To little avail. I stepped through the function, and it seems to be doing what I want, but I guess there is a problem in the way that I am calling it?
推荐答案
最终不得不修改 doBy
包中的 timeSinceEvent
。这是有效的最终代码。 lselzer表示感谢,指出了 plyr
中的 rbind.fill
,RoyalTS指出了 timeSinceEvent
当 yvar
参数全为零时,返回 null
。
Ended up having to modify timeSinceEvent
in the doBy
package a bit. Here is the final code that worked.

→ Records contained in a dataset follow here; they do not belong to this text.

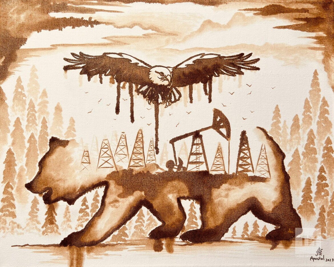 Сегодня в Москве открывается выставка нижнекамского художника Кристиана Апостола. Среди 10 картин, выполненных в уникальной авторской технике сырой нефтью, представлен портрет Раиса Татарстана Рустама Минниханова.
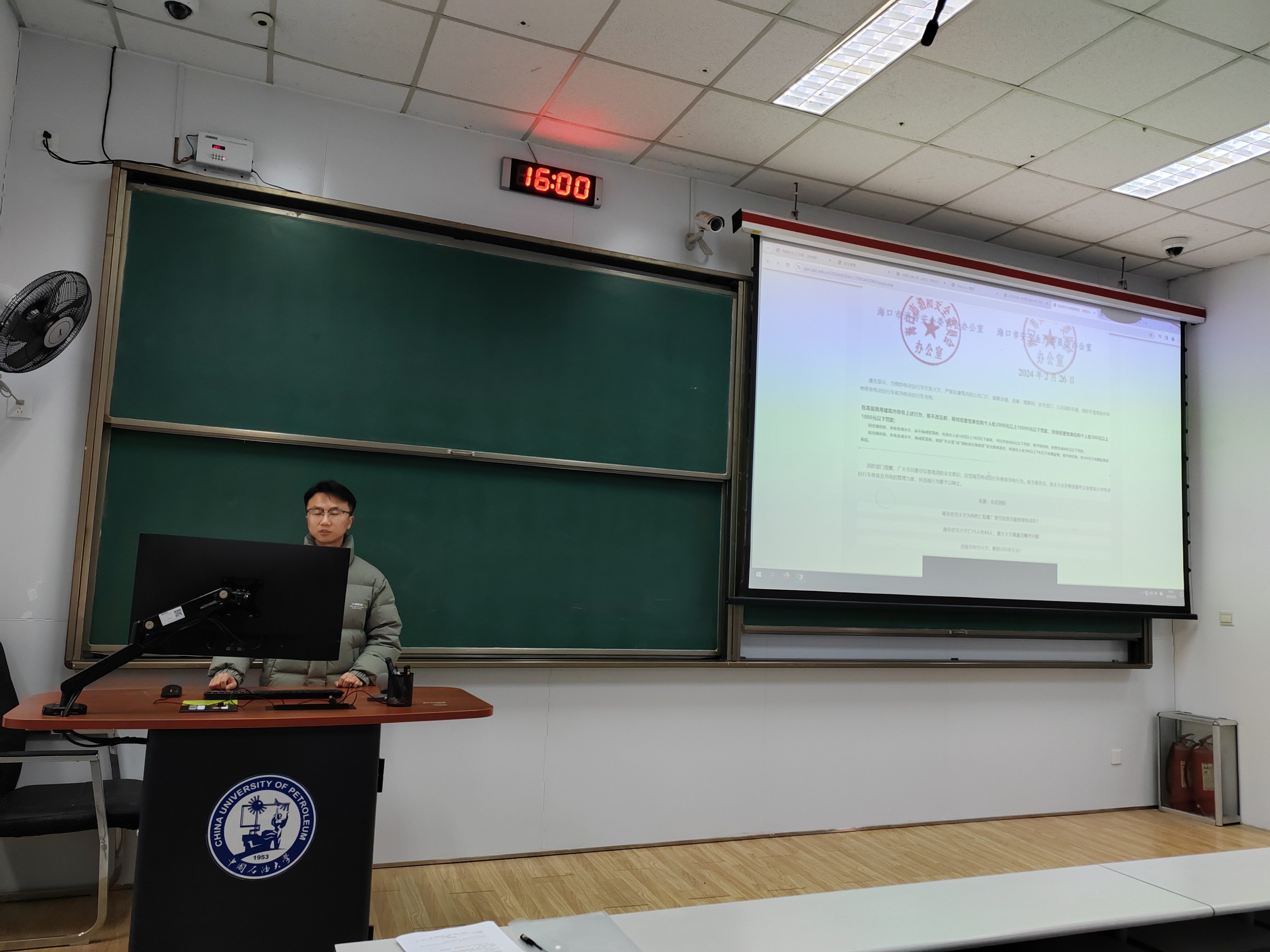 随后,辅导员张钦作电动自行车使用安全补充强调。张钦指出,学校和学院将继续加强对电动自行车使用安全的监管和管理,对于违反规定的行为将严肃处理,不要对违法违纪的行为存侥幸心理。张钦还特别提醒员工,在充电时要去指定的充电场所,选择正规的充电设施,避免使用劣质充电器,以防止火灾等安全事故的发生。
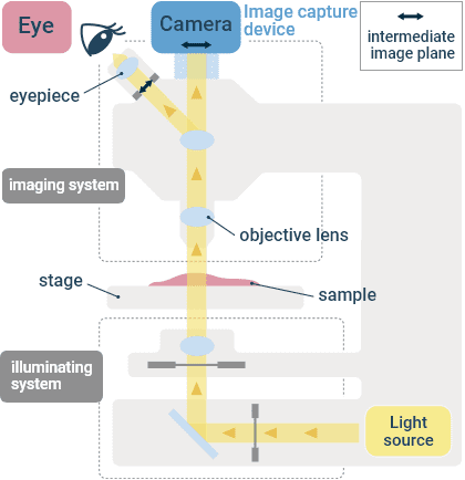 顯微鏡成像是基于光學放大和目鏡放大的原理,使得人眼可以觀察到被放大的微小結構和細節。顯微鏡成像主要靠物鏡和場鏡組成的透鏡系統對樣品進行放大成像,該像所在的平面稱為中間像平面,中間像平面正好落在目鏡的焦距上,進而被二次放大。
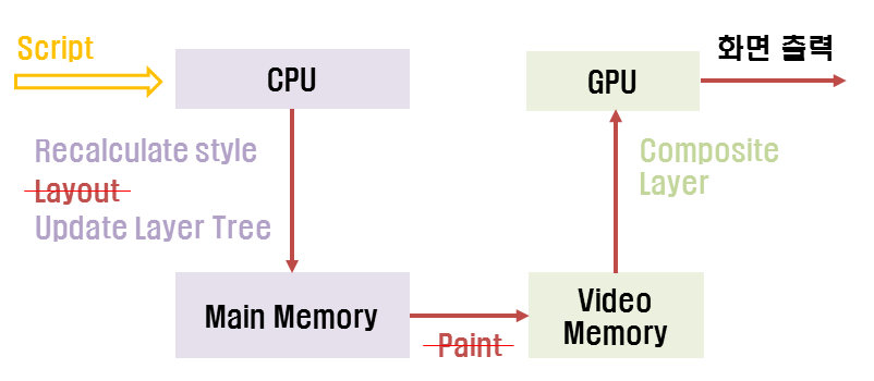 - 필연적으로 Recalculate Style, Update Layer Tree, Composite Layer는 꼭! 발생
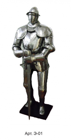 Стальная статуэтка кованого рыцарского доспеха послужит прекрасным украшением интерьеру любого загородного дома, приятно удивит гостей и подчеркнёт оригинальный вкус хозяина. Такой эксклюзивный объект арт-искусства прекрасно подойдёт для солидного загородного дома.
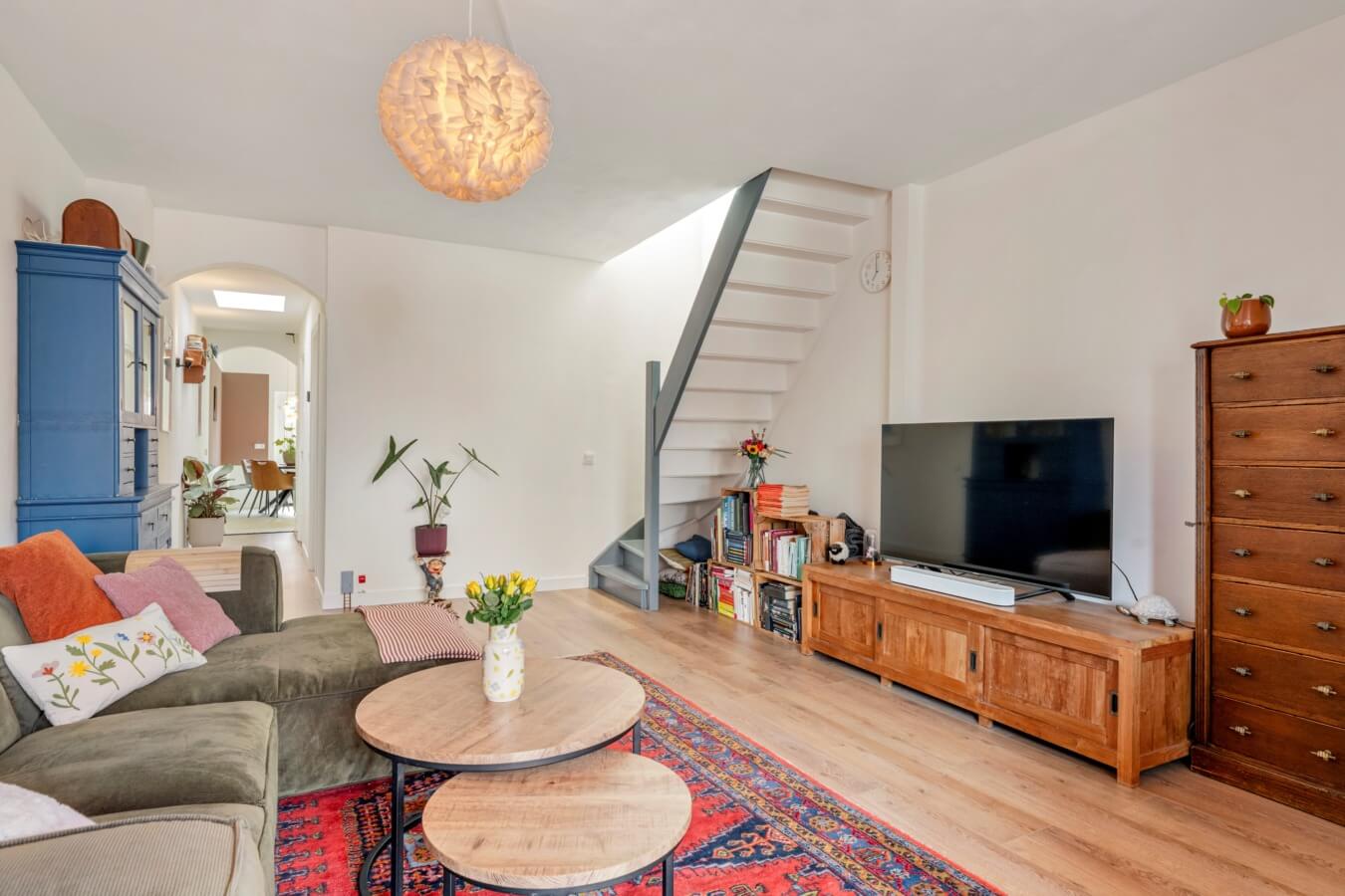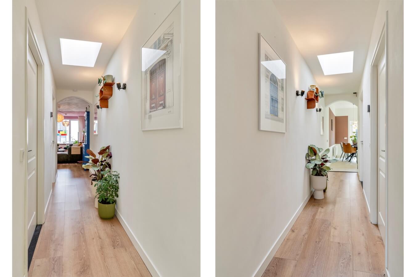 Aan de voorzijde bevindt zich de woonkamer met prettig zicht op de straat en een oppervlakte van circa 30 m². Via de open trap in de woonkamer bereik je de verdieping. De lange tussenportaal met een lichtkoepel maakt een mooie scheiding tussen het zitgedeelte en de woonkeuken.
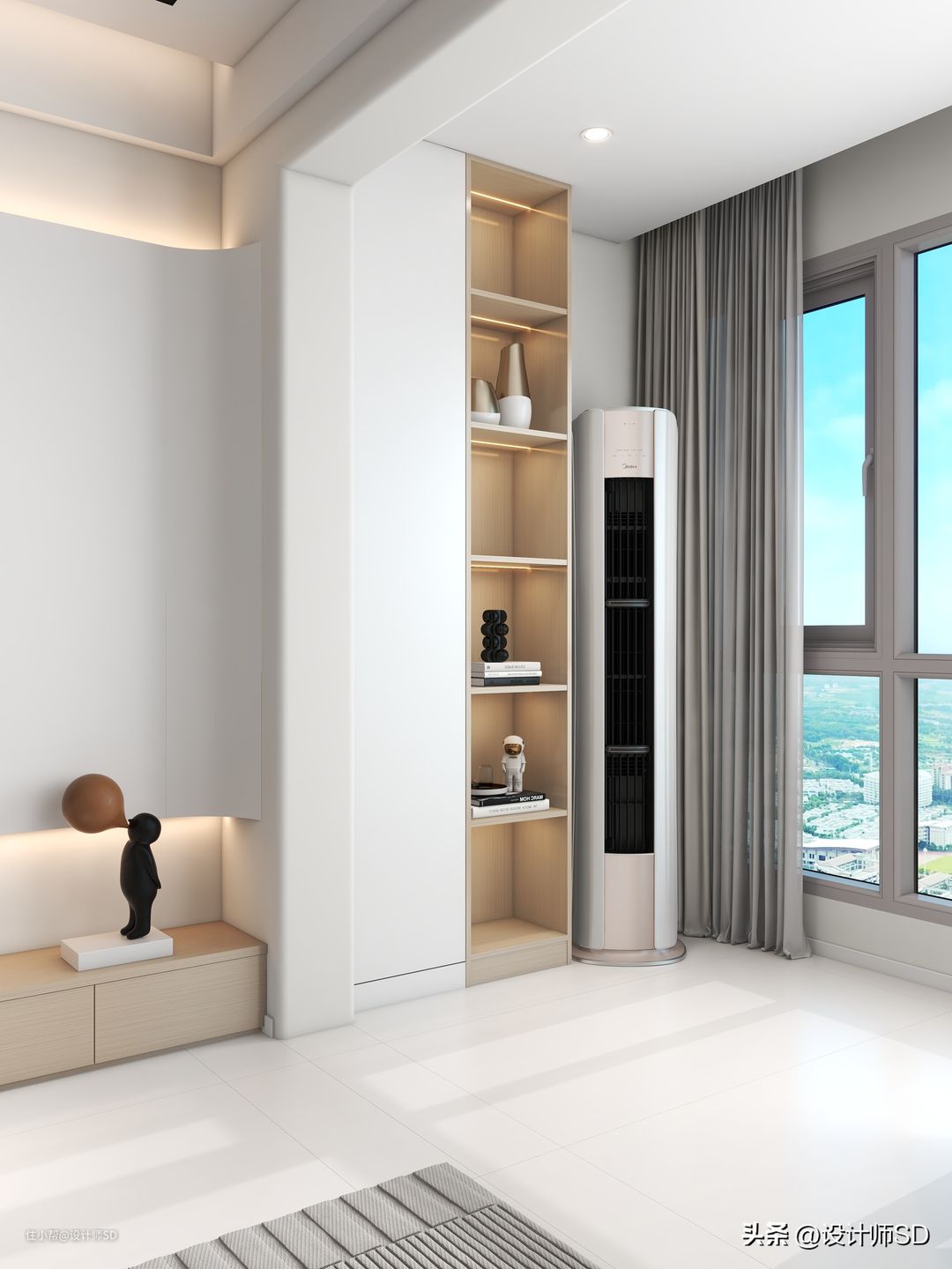 在柜体与落地窗的中间,布置了一台柜机空调,没有在顶面做风管机的布置。让整个背景墙的布置看上去简单清爽又很实用。
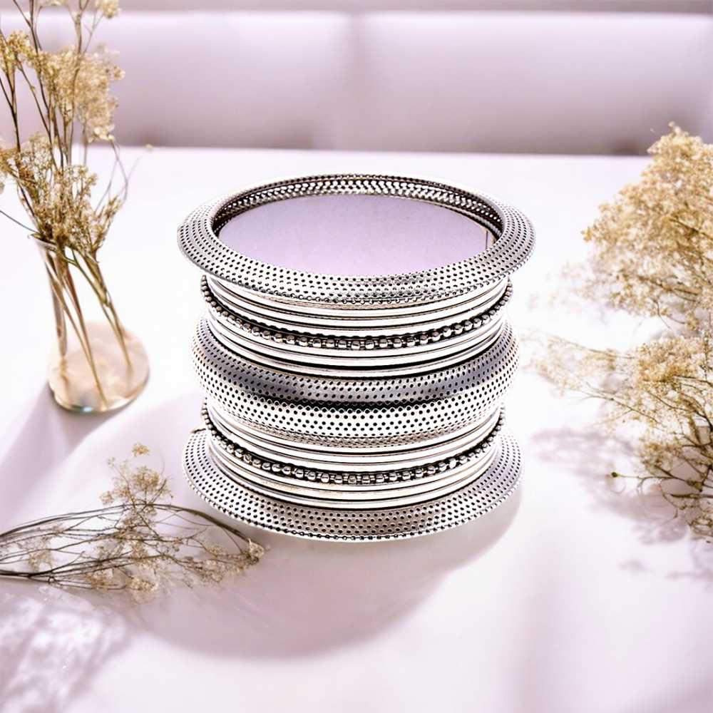 - Product Particulars: This kada bangle set is made of high quality silver plated with oxidized material.

Kudos to lselzer for pointing out rbind.fill
in plyr
and RoyalTS for pointing out that timeSinceEvent
returns null
when the yvar
argument is all zeros.
panel.tse <- function(yvar, tvar = seq_along(yvar)){
if (!(is.numeric(yvar) | is.logical(yvar))){
stop("yvar must be either numeric or logical")
}
yvar[is.na(yvar)] <- 0
event.idx <- which(yvar == 1)
run <- cumsum(yvar)
un <- unique(run)
tlist <- list()
for (i in 1:length(un)){
v <- un[[i]]
y <- yvar[run == v]
t <- tvar[run == v]
t <- t - t[1]
tlist[[i]] <- t
}
timeAfterEvent <- unlist(tlist)
timeAfterEvent[run == 0] <- NA
run[run == 0] <- NA
ans <- cbind(data.frame(yvar = yvar, tvar = tvar), run, tae = timeAfterEvent)
return(ans)
}
last.step <- function(x) {
temp <- panel.tse(x$onset.a, x$year)
cbind(x[,1],temp)
}
result <- do.call(rbind.fill, by(data, data$ccode.a, last.step))
这篇关于事件时间到面板数据的文章就介绍到这了,希望我们推荐的答案对大家有所帮助,也希望大家多多支持IT屋!